» Exercise
What are the lines, word for word, from the line with "Bürgermeister und Sponsoren" up to and including the line with "BASE: Look for" in the records below? Omit the pictures.

» Data to examine
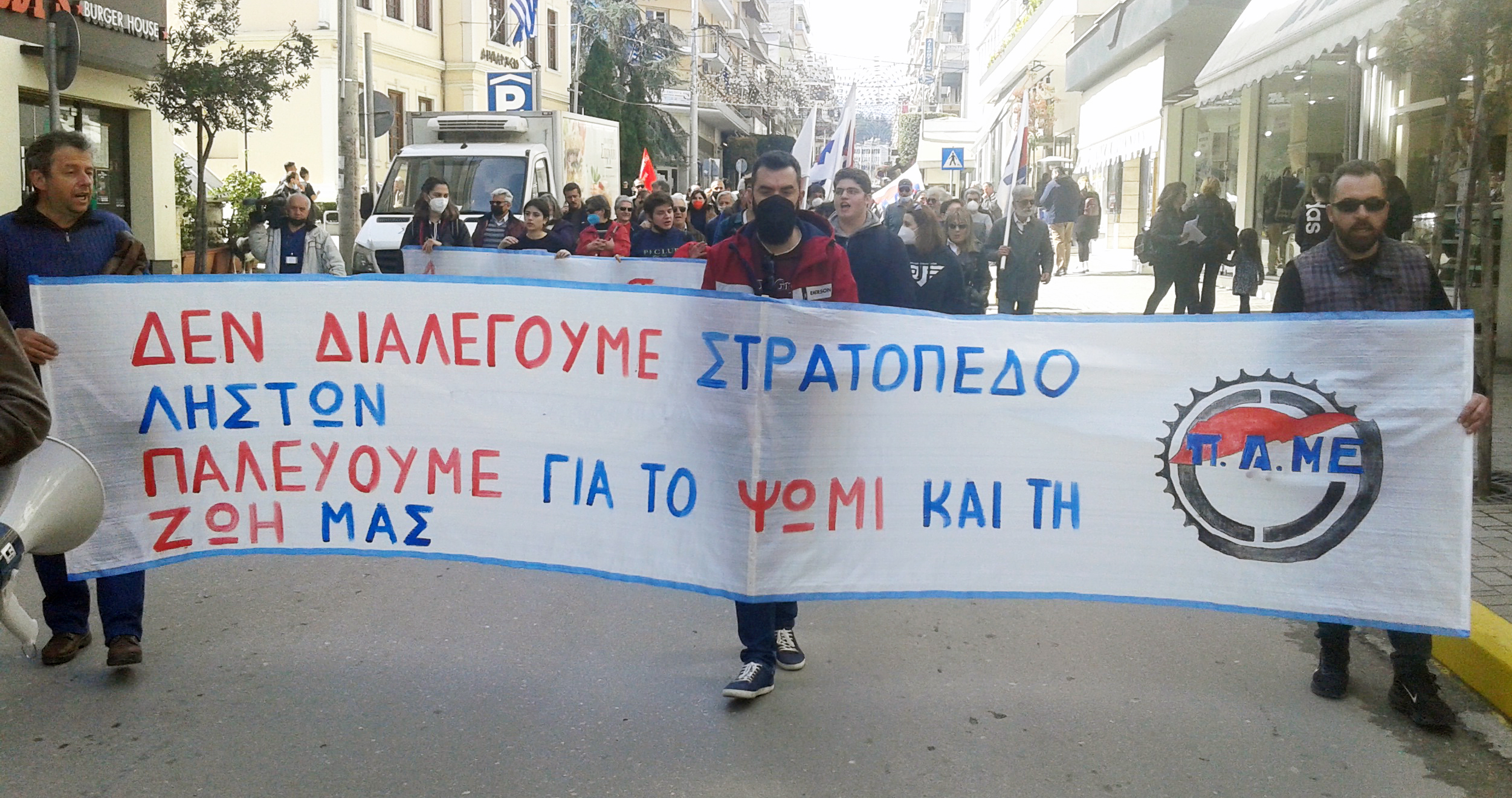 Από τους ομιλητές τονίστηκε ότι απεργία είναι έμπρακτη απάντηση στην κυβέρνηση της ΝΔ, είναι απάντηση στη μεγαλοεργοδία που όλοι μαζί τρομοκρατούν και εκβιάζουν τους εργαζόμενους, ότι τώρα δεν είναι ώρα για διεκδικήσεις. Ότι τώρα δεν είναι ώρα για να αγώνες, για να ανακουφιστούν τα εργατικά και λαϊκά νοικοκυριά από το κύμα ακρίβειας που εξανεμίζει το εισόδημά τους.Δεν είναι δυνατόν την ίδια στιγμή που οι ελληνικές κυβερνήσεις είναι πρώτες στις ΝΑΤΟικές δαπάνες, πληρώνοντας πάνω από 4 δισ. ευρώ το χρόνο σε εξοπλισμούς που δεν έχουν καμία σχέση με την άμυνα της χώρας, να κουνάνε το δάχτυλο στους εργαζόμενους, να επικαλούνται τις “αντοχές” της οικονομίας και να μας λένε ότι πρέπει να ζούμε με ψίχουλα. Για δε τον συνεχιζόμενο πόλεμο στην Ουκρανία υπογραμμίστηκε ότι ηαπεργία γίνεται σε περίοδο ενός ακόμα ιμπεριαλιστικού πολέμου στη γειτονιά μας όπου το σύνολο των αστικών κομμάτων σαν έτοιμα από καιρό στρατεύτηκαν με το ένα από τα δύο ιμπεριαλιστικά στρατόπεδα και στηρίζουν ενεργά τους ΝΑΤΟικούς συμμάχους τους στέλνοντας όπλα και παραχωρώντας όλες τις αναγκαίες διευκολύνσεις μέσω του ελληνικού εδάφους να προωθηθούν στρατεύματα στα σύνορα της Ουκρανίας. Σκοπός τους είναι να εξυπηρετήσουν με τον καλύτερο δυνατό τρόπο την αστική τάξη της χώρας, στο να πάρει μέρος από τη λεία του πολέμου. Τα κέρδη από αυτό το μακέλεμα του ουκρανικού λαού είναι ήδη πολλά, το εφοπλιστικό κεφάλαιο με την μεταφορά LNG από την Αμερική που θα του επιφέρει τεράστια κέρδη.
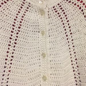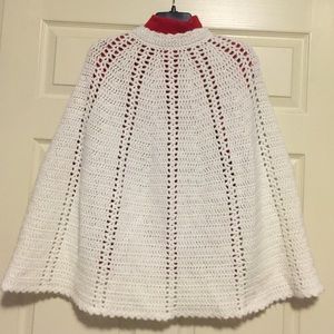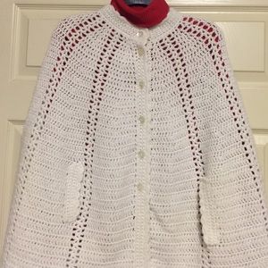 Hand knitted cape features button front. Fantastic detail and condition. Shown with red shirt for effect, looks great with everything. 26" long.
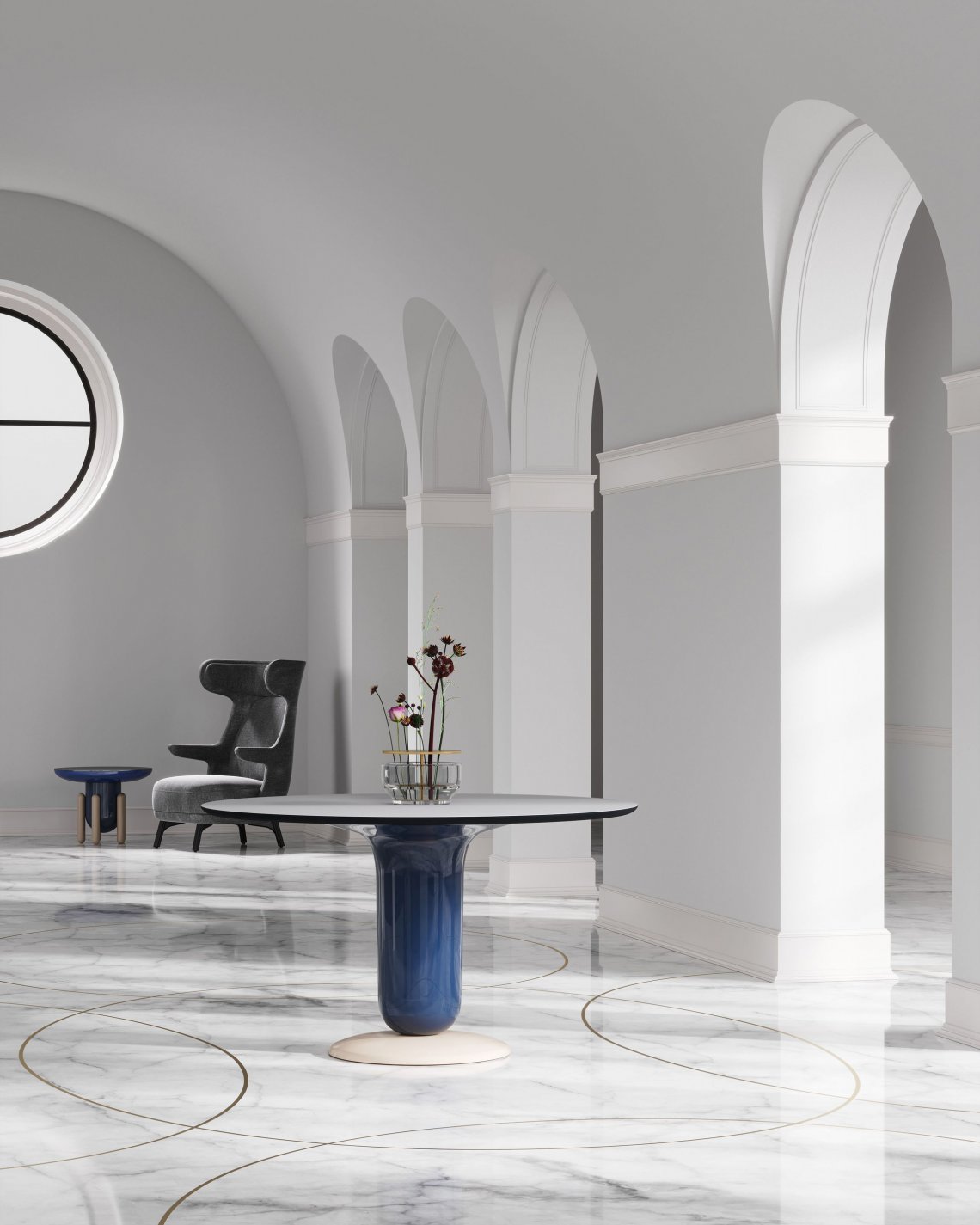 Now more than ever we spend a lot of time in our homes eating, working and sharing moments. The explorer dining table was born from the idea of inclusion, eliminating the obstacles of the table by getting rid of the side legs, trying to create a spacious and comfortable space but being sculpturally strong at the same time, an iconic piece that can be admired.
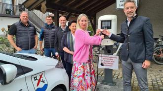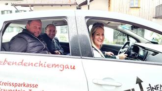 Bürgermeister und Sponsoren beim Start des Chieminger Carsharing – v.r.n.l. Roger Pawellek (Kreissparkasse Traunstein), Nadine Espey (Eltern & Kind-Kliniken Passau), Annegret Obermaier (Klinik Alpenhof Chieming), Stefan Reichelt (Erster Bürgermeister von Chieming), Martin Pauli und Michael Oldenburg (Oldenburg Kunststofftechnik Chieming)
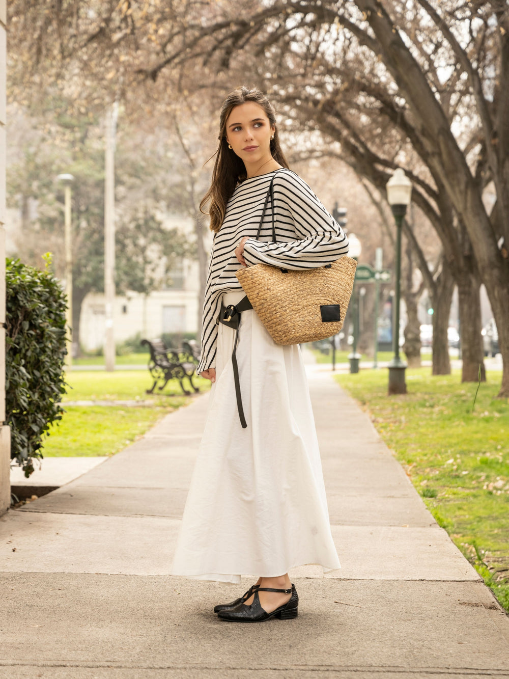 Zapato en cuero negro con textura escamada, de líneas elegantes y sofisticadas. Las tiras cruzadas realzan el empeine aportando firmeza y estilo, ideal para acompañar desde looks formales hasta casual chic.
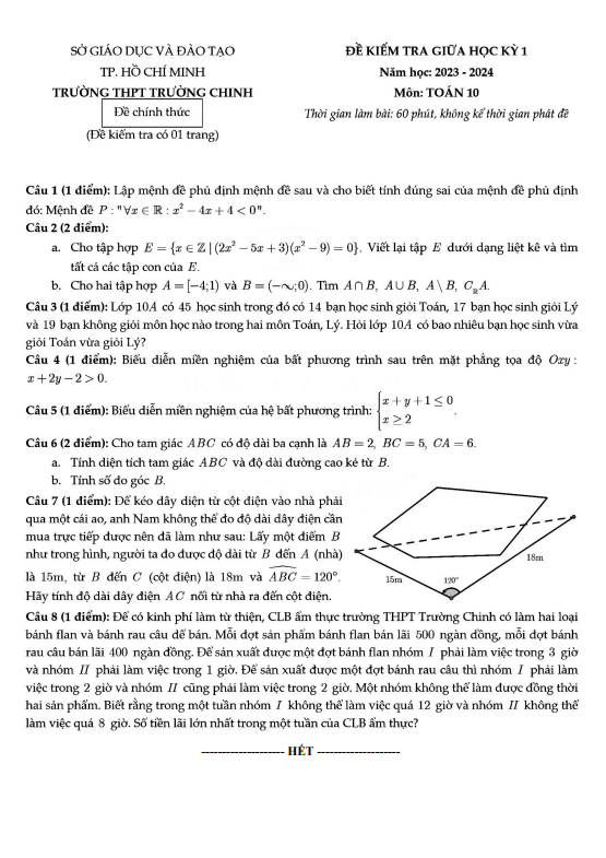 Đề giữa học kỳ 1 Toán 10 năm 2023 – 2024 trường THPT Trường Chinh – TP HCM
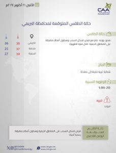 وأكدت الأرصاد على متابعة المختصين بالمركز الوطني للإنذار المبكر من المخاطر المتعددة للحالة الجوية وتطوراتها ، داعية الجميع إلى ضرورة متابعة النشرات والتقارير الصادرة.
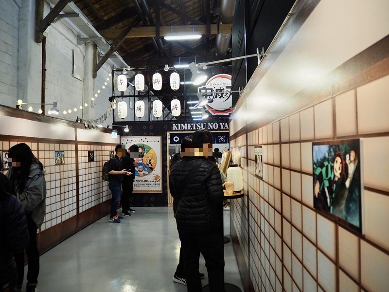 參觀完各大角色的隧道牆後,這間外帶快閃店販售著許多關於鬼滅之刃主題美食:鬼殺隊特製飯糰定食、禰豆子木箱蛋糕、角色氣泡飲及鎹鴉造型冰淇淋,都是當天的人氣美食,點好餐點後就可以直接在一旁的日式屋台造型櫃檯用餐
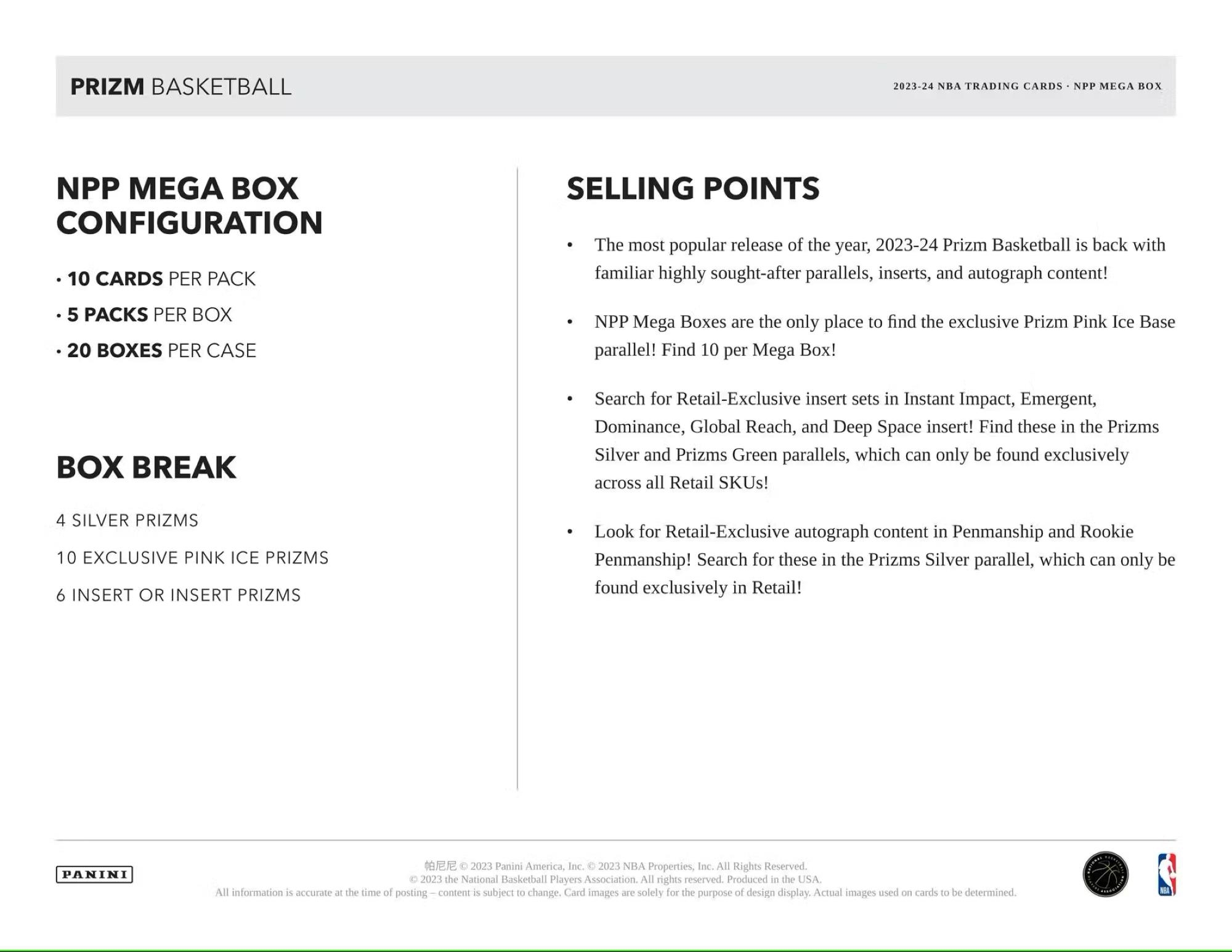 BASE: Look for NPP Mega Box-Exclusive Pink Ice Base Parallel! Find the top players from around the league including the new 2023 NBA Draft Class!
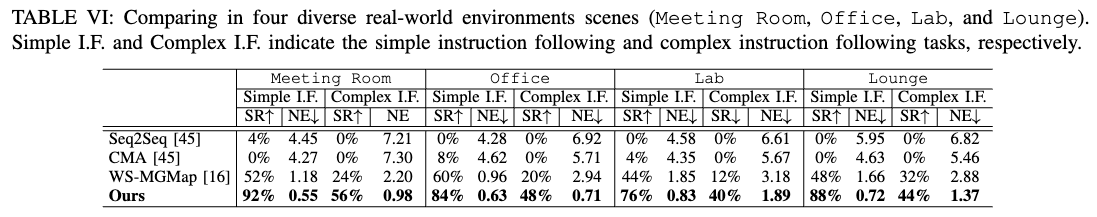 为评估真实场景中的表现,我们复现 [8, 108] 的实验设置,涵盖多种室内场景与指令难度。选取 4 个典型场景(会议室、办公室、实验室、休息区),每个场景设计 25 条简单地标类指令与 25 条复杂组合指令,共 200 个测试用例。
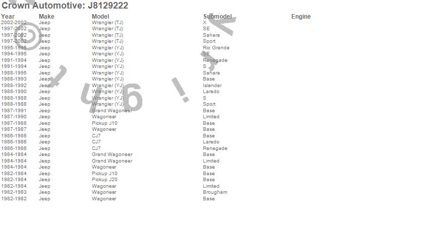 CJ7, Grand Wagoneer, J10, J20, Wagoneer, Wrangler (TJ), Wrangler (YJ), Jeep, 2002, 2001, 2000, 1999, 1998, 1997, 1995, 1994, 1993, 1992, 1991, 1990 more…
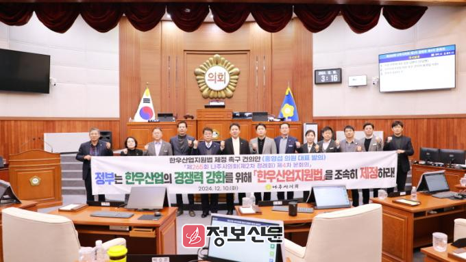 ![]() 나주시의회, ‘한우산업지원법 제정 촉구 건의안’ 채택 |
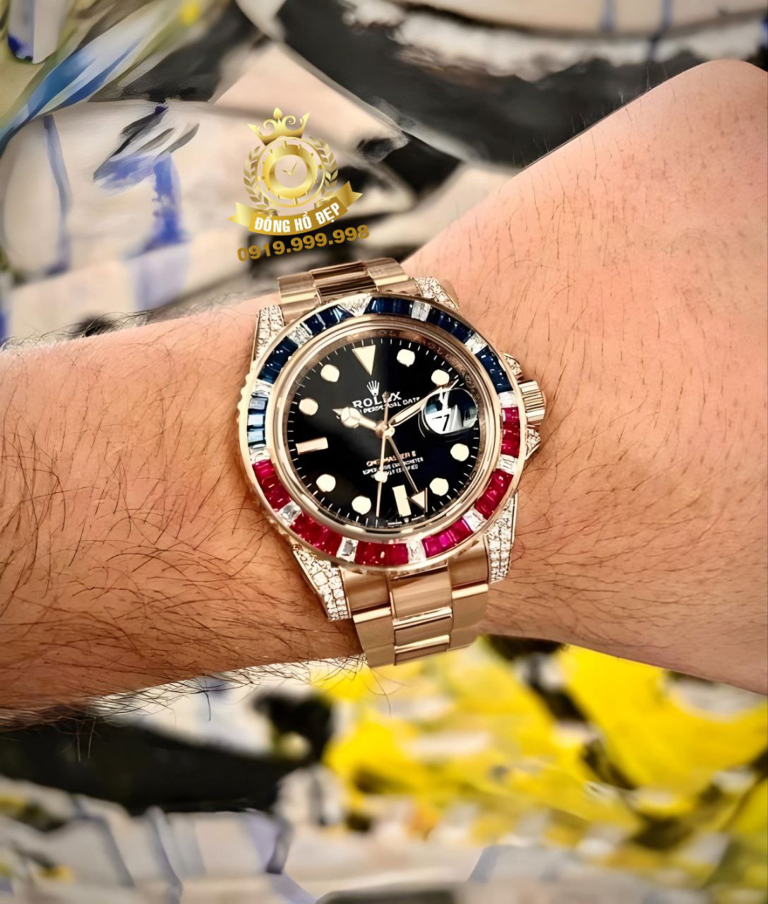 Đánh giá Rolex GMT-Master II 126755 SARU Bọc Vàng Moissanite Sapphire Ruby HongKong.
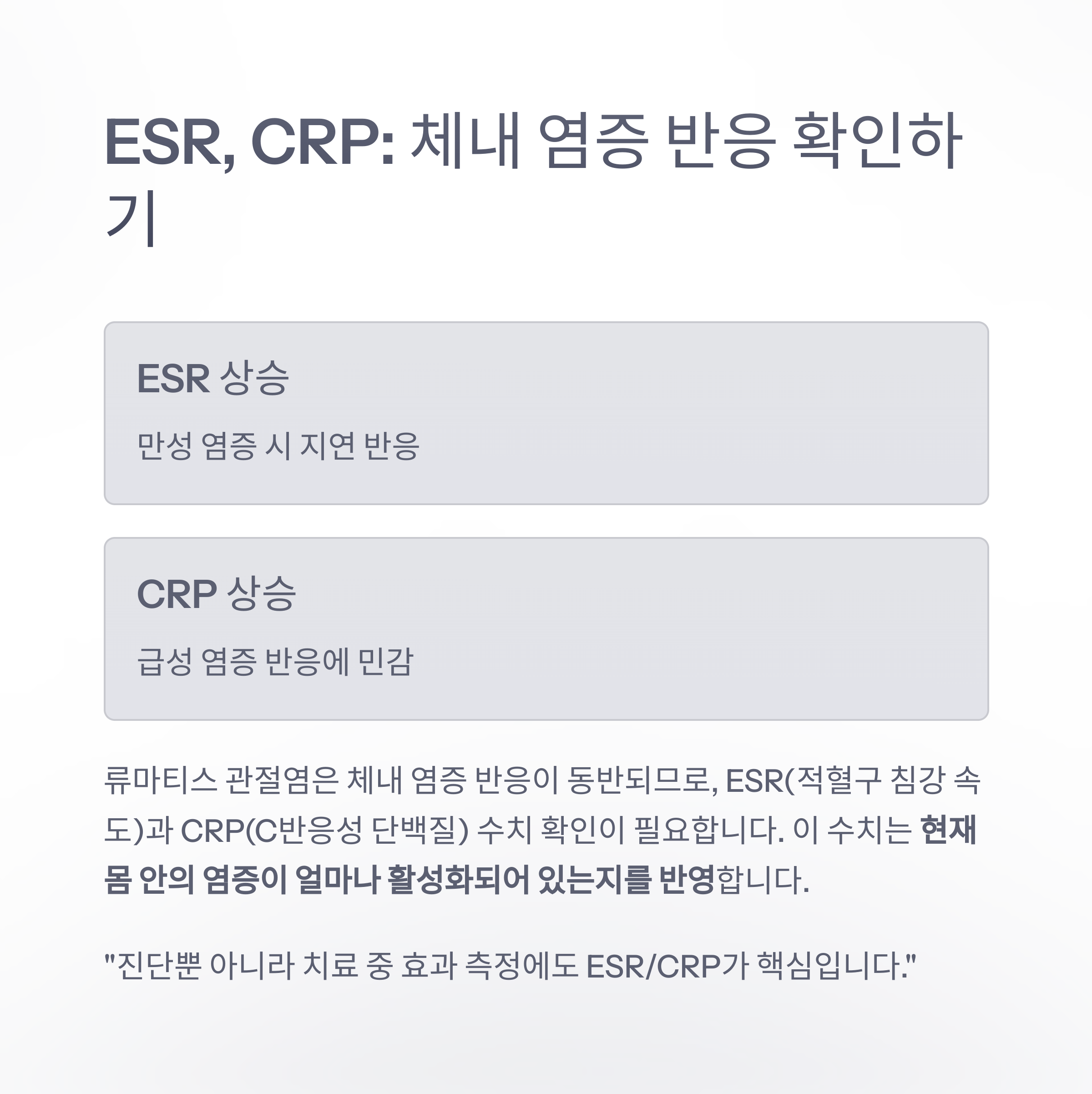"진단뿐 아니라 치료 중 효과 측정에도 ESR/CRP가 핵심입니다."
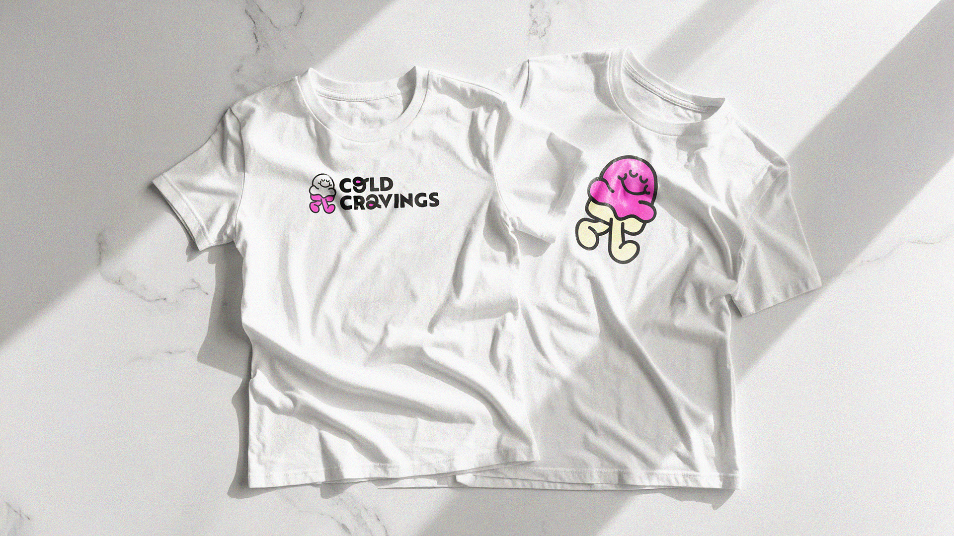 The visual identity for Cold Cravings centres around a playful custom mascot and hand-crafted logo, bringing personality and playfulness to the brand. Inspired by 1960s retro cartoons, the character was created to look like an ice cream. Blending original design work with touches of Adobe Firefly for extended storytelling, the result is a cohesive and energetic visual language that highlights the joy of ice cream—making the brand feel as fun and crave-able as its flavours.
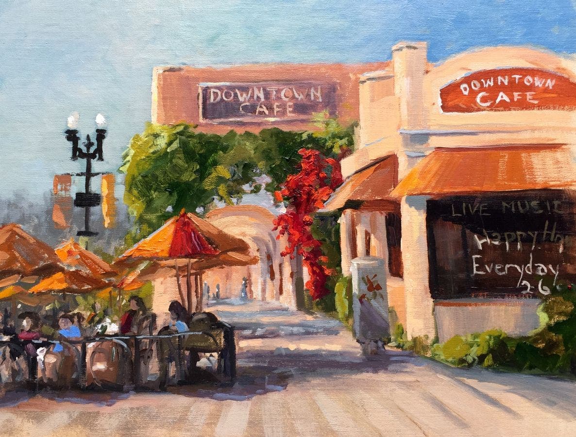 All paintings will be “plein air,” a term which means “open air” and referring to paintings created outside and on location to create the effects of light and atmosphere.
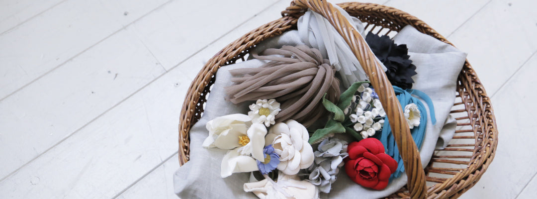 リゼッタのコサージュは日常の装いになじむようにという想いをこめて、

» Your response
 Bürgermeister und Sponsoren beim Start des Chieminger Carsharing – v.r.n.l. Roger Pawellek (Kreissparkasse Traunstein), Nadine Espey (Eltern & Kind-Kliniken Passau), Annegret Obermaier (Klinik Alpenhof Chieming), Stefan Reichelt (Erster Bürgermeister von Chieming), Martin Pauli und Michael Oldenburg (Oldenburg Kunststofftechnik Chieming)
 Zapato en cuero negro con textura escamada, de líneas elegantes y sofisticadas. Las tiras cruzadas realzan el empeine aportando firmeza y estilo, ideal para acompañar desde looks formales hasta casual chic.
 Đề giữa học kỳ 1 Toán 10 năm 2023 – 2024 trường THPT Trường Chinh – TP HCM
 وأكدت الأرصاد على متابعة المختصين بالمركز الوطني للإنذار المبكر من المخاطر المتعددة للحالة الجوية وتطوراتها ، داعية الجميع إلى ضرورة متابعة النشرات والتقارير الصادرة.
 參觀完各大角色的隧道牆後,這間外帶快閃店販售著許多關於鬼滅之刃主題美食:鬼殺隊特製飯糰定食、禰豆子木箱蛋糕、角色氣泡飲及鎹鴉造型冰淇淋,都是當天的人氣美食,點好餐點後就可以直接在一旁的日式屋台造型櫃檯用餐
 BASE: Look for NPP Mega Box-Exclusive Pink Ice Base Parallel! Find the top players from around the league including the new 2023 NBA Draft Class!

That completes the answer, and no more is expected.